■ **DATA SUPPLIED**
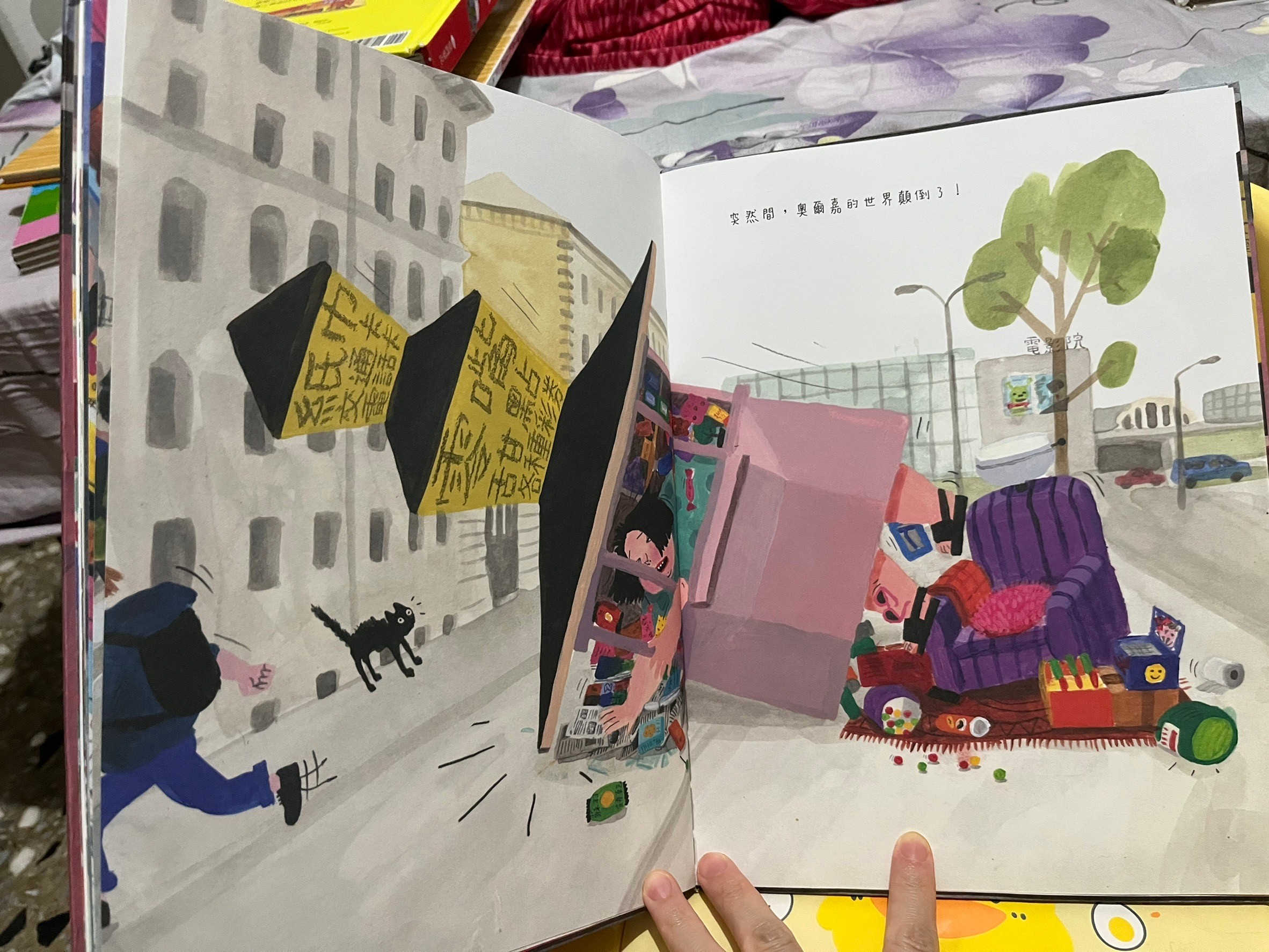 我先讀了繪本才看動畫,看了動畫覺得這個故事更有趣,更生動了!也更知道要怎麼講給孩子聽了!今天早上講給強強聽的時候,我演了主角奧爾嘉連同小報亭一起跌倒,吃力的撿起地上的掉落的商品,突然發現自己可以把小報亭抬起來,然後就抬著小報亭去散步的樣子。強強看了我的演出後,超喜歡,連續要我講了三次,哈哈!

---

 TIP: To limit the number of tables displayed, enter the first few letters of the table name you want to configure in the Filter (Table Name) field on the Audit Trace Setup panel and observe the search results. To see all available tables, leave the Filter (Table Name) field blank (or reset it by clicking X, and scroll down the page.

---

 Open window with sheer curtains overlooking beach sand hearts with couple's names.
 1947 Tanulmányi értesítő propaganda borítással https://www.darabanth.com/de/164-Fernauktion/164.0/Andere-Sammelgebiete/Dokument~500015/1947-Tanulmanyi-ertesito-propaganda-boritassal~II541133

■ **PROMPT**
Copy exactly the stretch of data above from the line with "Open window with" through the line with "1947 Tanulmányi értesítő", and omit all other lines.

■ **EXERCISE SOLUTION**
 Open window with sheer curtains overlooking beach sand hearts with couple's names.
 1947 Tanulmányi értesítő propaganda borítással https://www.darabanth.com/de/164-Fernauktion/164.0/Andere-Sammelgebiete/Dokument~500015/1947-Tanulmanyi-ertesito-propaganda-boritassal~II541133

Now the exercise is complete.